In the context of a national research fund, I recently stumbled across a project that deals with counter-steganography research. From an academic point of view, it is healthy to have security technology research and research trying to break these technologies. But when I had a closer look what kind of counter-steganography they were actually working on, I got worried.
The most common security breach in telecommunications is eavesdropping. Steganography and cryptography applied to telecommunication would both prevent that, the first by hiding the information, the second by talking in a language unknown to a third party listening. However, steganography is obviously more bandwidth demanding than cryptography, so why would anyone favour steganography over cryptography, when both achieve the same goals? Steganography has advantage that you can deny the existence of a hide message. Cryptographers call that plausible denial or deniable encryption.

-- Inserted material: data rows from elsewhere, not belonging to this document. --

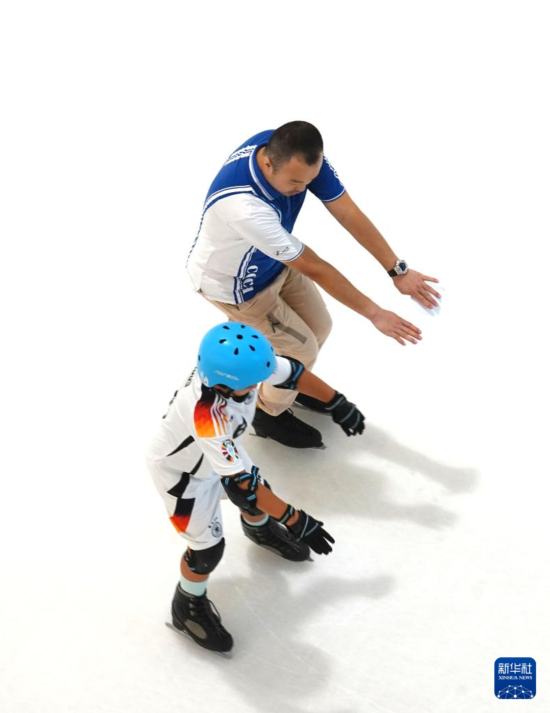 7月19日,在广西南宁市一家室内滑冰场,一名小男孩跟随教练学习滑冰。
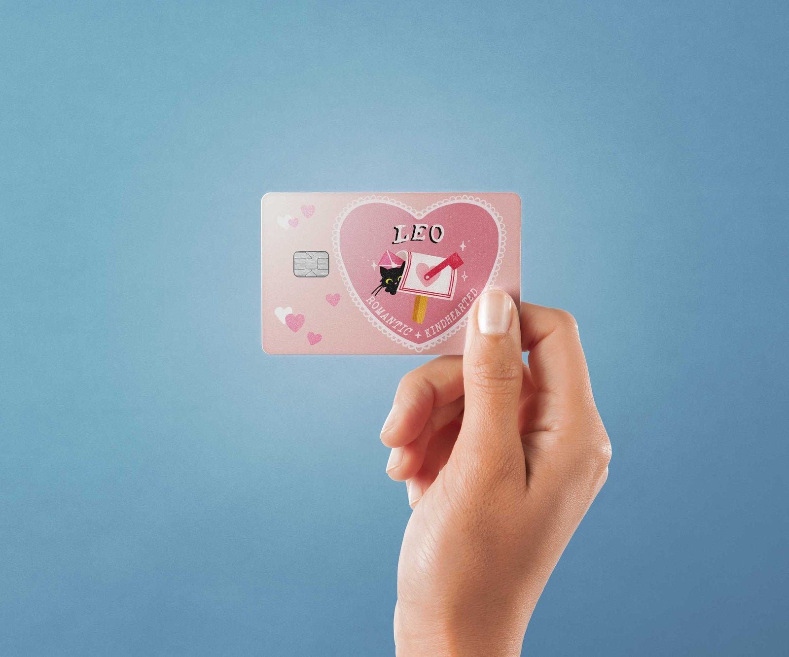 Leo Cat Love Design | Credit Card Sticker | Small Chip | Credit Card Skin
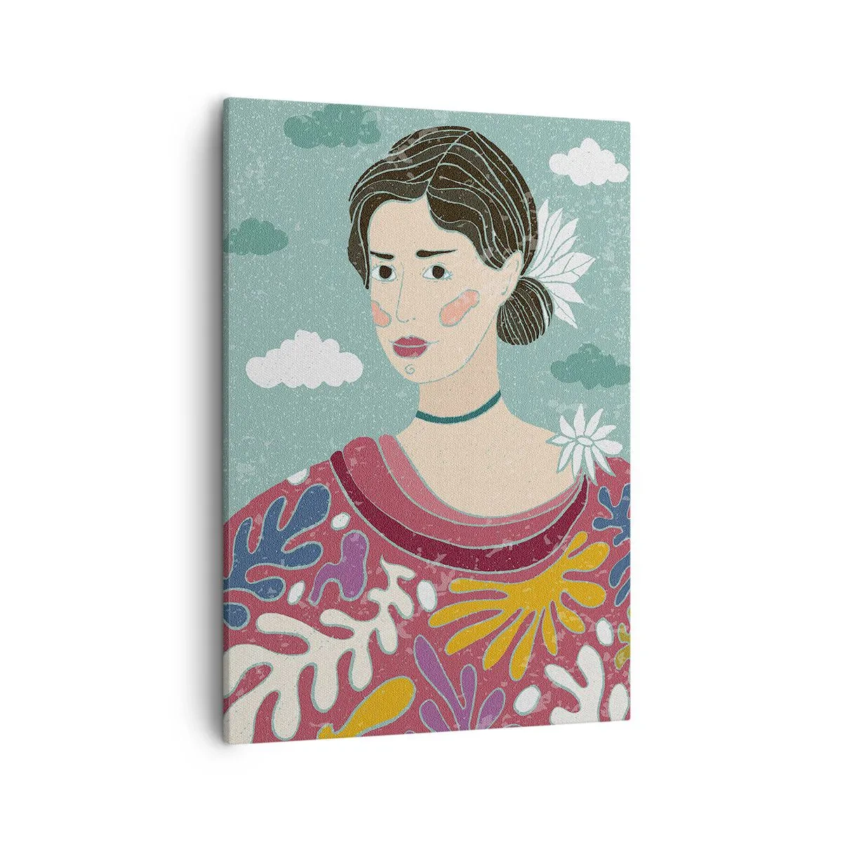 Obraz na płótnie - Portret kobiety w artystycznym stylu z florystycznymi wzorami na tle chmur - 50x70cm - Z melancholią w spojrzeniu - Nowoczesna dekoracja ścienna do salonu, kuchni i sypialni ARTTOR
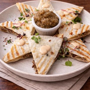 "A crispy tortilla filled with succulent, herb-infused duck and melted cheese. Served with a side of our smoky Roasted Eggplant Tapenade for an unforgettable flavor fusion."
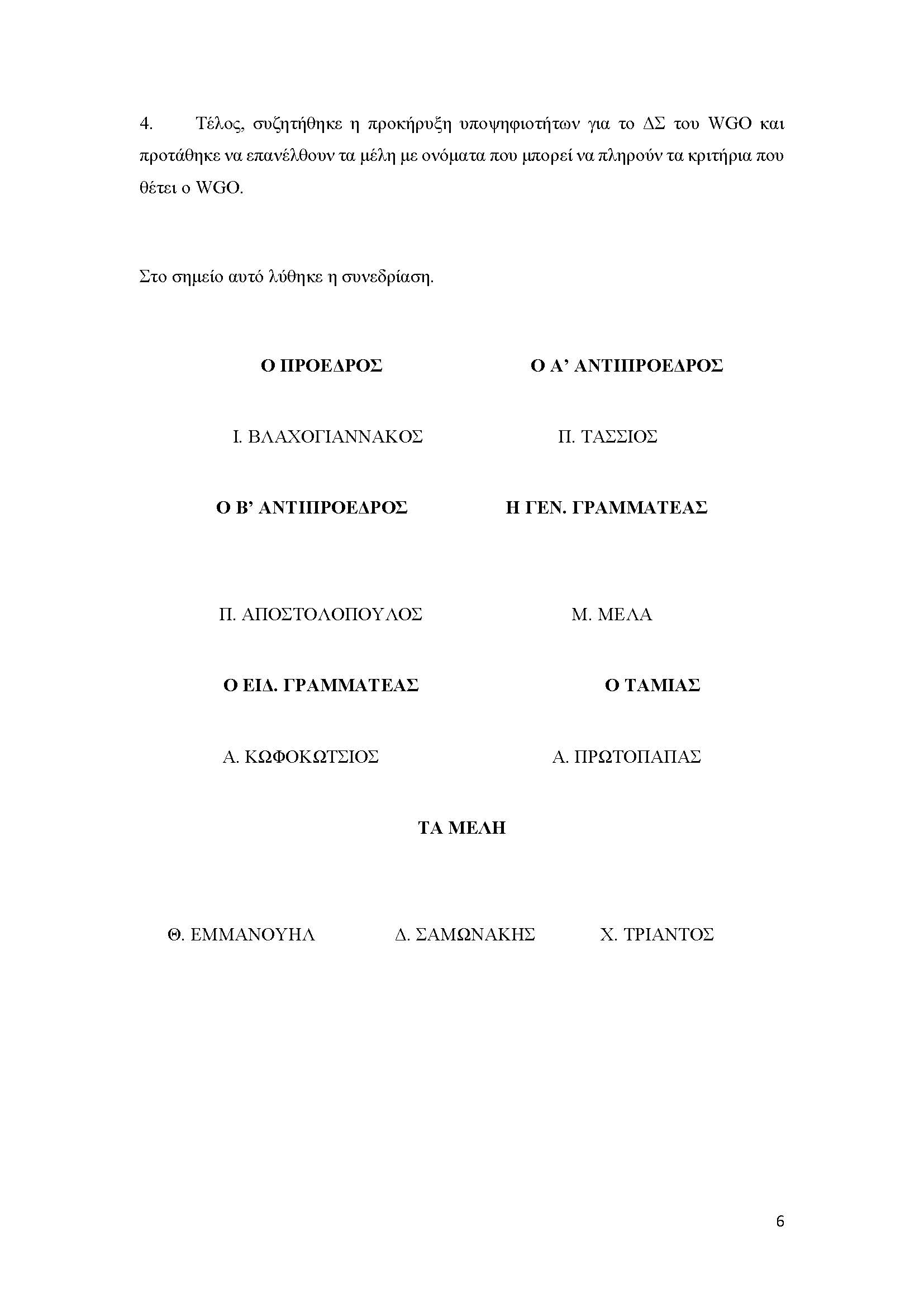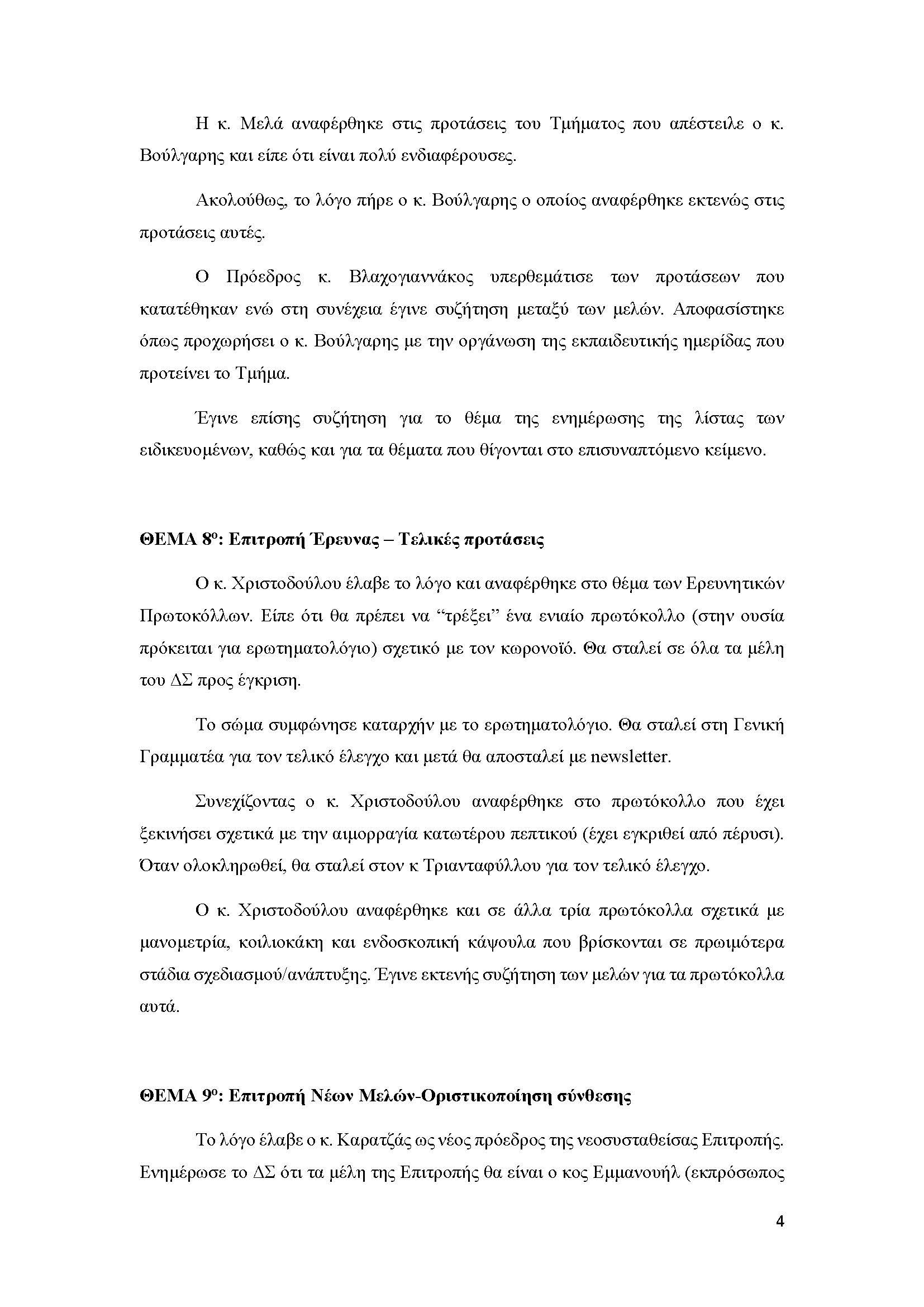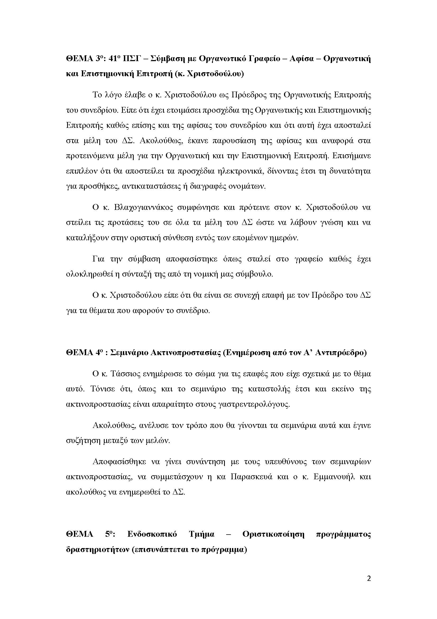 ΠΑΡΟΝΤΕΣ: Άπαντα τα μέλη του ΔΣ καθώς επίσης και η κα Κ. Παρασκευά – Πρόεδρος του Ενδοσκοπικού Τμήματος και η κα Α. Τσαλούκα – Πρόεδρος του Νοσηλευτικού Τμήματος της ΕΓΕ. Επίσης παρών και ο κ. Βούλγαρης – Πρόεδρος Τμήματος Δοκίμων Μελών. Παρόντες επίσης οι κ.κ. Δ. Χριστοδούλου και Π. Καρατζάς (Πρόεδρος Επιτροπής Νέων Μελών). Παρών και ο πρώην πρόεδρος κ. Τριανταφύλλου. Επίσης συνδέθηκαν και οι κ.κ. Θ. Κωτσίδης και Θ. Ξανθόπουλος και ο κ. Χ. Ζαβός για τα θέματα της ιστοσελίδας.

StegIT (german) is a project that aims to prevent steganography in telecommunications (they aim for GSM/UMTS/VoIP). It works by mixing inauditable white noise into the conversation, so these "low bit" channels become unavailable for encoding hidden messages. StegIt does not aim to detect steganography, but its approach is to add this white noise to all conversations by installing equipment at your phone carrier. (To the german-speaking reader: Notice the wording they use in the project description. They speak of "steganographic attacks", and preventing these "attacks". Do they just desperately try to get funding or do they actually believe that?)
My initial reaction to StegIT was: "Why should I bother to use the low bandwidth channels at all? I would just drop those inaudible parts from my data channel and use regular encryption". I would loose the plausible denial property though, but is there is scenario where I would need that property? Yes, when encryption itself is outlawed (or made useless by laws for on-demand decryption).
This would only serve the purpose that eavesdropping is always available to law enforcement. But the idea to outlaw encryption sounded to remote to me... until I started googling that topic. Legislation concerning encryption is far from uncommon, see Crypto Law Survey by Bert-Japp Koops, who also provides us with some nice graphics.
Do I want my national security research fund to support a project that only make scene in a scenario where the right to encrypt -- your own personal guarantee for privacy -- is restricted? Definitely not.